Here's the full error:
TypeError Traceback (most recent call last)
/local_disk0/.ephemeral_nfs/envs/pythonEnv-a9bf3a0d-a93e-453d-890b-d123f282d710/lib/python3.8/site-packages/hts/core/regressor.py in _get_predict_index(self, steps_ahead)
369 try:
--> 370 start = self.nodes.item.index[-1] + timedelta(freq)
371 end = self.nodes.item.index[-1] + timedelta(steps_ahead * freq)
TypeError: unsupported operand type(s) for +: 'int' and 'datetime.timedelta'
During handling of the above exception, another exception occurred:
ValueError Traceback (most recent call last)
<command-2268273946901309> in <module>
----> 1 pred_ols_arima = model_ols_arima.predict(steps_ahead=4)
/local_disk0/.ephemeral_nfs/envs/pythonEnv-a9bf3a0d-a93e-453d-890b-d123f282d710/lib/python3.8/site-packages/hts/core/regressor.py in predict(self, exogenous_df, steps_ahead, distributor, disable_progressbar, show_warnings, **predict_kwargs)
350 self.hts_result.errors = (key, error)
351 self.hts_result.residuals = (key, residual)
--> 352 return self._revise(steps_ahead=steps_ahead)
353
354 def _revise(self, steps_ahead: int = 1) -> pandas.DataFrame:
/local_disk0/.ephemeral_nfs/envs/pythonEnv-a9bf3a0d-a93e-453d-890b-d123f282d710/lib/python3.8/site-packages/hts/core/regressor.py in _revise(self, steps_ahead)
361
362 revised_columns = list(make_iterable(self.nodes))
--> 363 revised_index = self._get_predict_index(steps_ahead=steps_ahead)
364 return pandas.DataFrame(revised, index=revised_index, columns=revised_columns)
365
/local_disk0/.ephemeral_nfs/envs/pythonEnv-a9bf3a0d-a93e-453d-890b-d123f282d710/lib/python3.8/site-packages/hts/core/regressor.py in _get_predict_index(self, steps_ahead)
374 start = self.nodes.item.index[-1] + freq
375 end = self.nodes.item.index[-1] + (steps_ahead * freq)
--> 376 future = pandas.date_range(freq=freq, start=start, end=end)
377
378 return self.nodes.item.index.append(future)
/databricks/python/lib/python3.8/site-packages/pandas/core/indexes/datetimes.py in date_range(start, end, periods, freq, tz, normalize, name, closed, **kwargs)
1067 freq = "D"
1068
-> 1069 dtarr = DatetimeArray._generate_range(
1070 start=start,
1071 end=end,
/databricks/python/lib/python3.8/site-packages/pandas/core/arrays/datetimes.py in _generate_range(cls, start, end, periods, freq, tz, normalize, ambiguous, nonexistent, closed)
375 "and freq, exactly three must be specified"
376 )
--> 377 freq = to_offset(freq)
378
379 if start is not None:
pandas/_libs/tslibs/offsets.pyx in pandas._libs.tslibs.offsets.to_offset()
pandas/_libs/tslibs/offsets.pyx in pandas._libs.tslibs.offsets.to_offset()
ValueError: Invalid frequency: 1
I did some research and it seems the problem lies in the frequency of date, but I'm unable to resolve the problem.

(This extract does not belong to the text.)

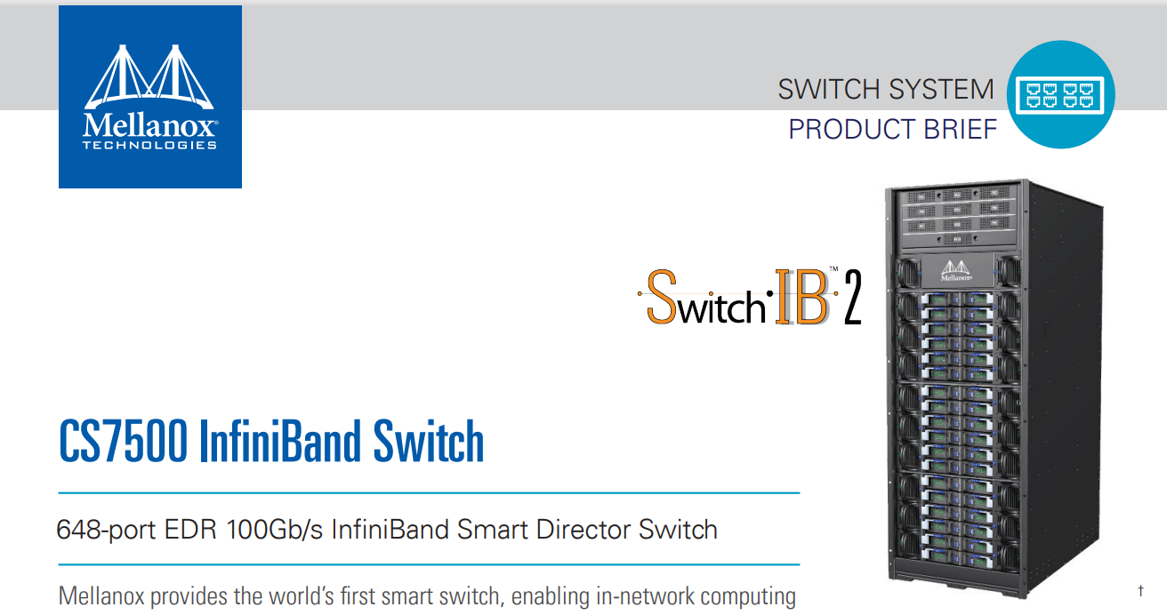 NVIDIA 网络 MCS7500 提供世界上第一个智能交换机,通过共同设计可扩展的分层聚合和减少协议 (SHARP) 技术实现网络内计算。CS7500 系统通过提供 130Tb/s 的全双向带宽和 400n 端口延迟,提供 28U 外形系数中性能最高的织物解决方案。

This tutorial here more or less does the same thing (with a larger data set), but without the error. Any help would be much appreciated. Thanks!
I was able to resolve the error here by setting the date column as index:
Once this was done, the predict() line ran without any errors.